Microsoft won't ban you if you play "out of region games".
There's nothing that prevents you from physically getting a NTSC or PAL console (depending on where you live) and importing or digitally buying games for it.

Microsoft will ban you if they detect you've cheated your gamerscore, stupidly got your JTAG/RGH online, detection of badly patched backups or shitty backup media that fails certain checks the DVD drive performs and online cheating.


----------



## godreborn (Dec 14, 2022)

DinohScene said:


> Microsoft won't ban you if you play "out of region games".
> There's nothing that prevents you from physically getting a NTSC or PAL console (depending on where you live) and importing or digitally buying games for it.
> 
> Microsoft will ban you if they detect you've cheated your gamerscore, stupidly got your JTAG/RGH online, detection of badly patched backups or shitty backup media that fails certain checks the DVD drive performs and online cheating.


I'm talking about say using an American-ntsc system and playing pal region-only games or JPN games that are JPN only.  I'm pretty sure abgx can read this.


----------



## DinohScene (Dec 14, 2022)

godreborn said:


> I'm talking about say using an American-ntsc system and playing pal region-only games or JPN games that are JPN only.  I'm pretty sure abgx can read this.

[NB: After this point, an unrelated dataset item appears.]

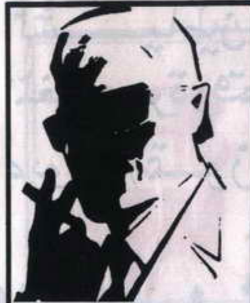
رقم . صفر، الزعيم الغامض الذي لايعرف حقيقته احد ..

If ABGX says said games are region free, they can be played on whatever system.
Actual out of region games require a JTAG/RGH.


----------



## godreborn (Dec 14, 2022)

DinohScene said:


> If ABGX says said games are region free, they can be played on whatever system.
> Actual out of region games require a JTAG/RGH.


yes, that's what I meant.


----------



## AATHENINJA206 (May 10, 2022)

Hello everyone!
I had a question about burning Xbox games. will burned original Xbox games work on Xbox 360? Has anyone ever tried this? 
I did it once, I burned the game to a dual layer DVD and the 360 did read it how ever it was stuck on the white Xbox screen.
Any solutions?


----------



## me_man (Dec 14, 2022)

DinohScene said:


> If ABGX says said games are region free, they can be played on whatever system.
> Actual out of region games require a JTAG/RGH.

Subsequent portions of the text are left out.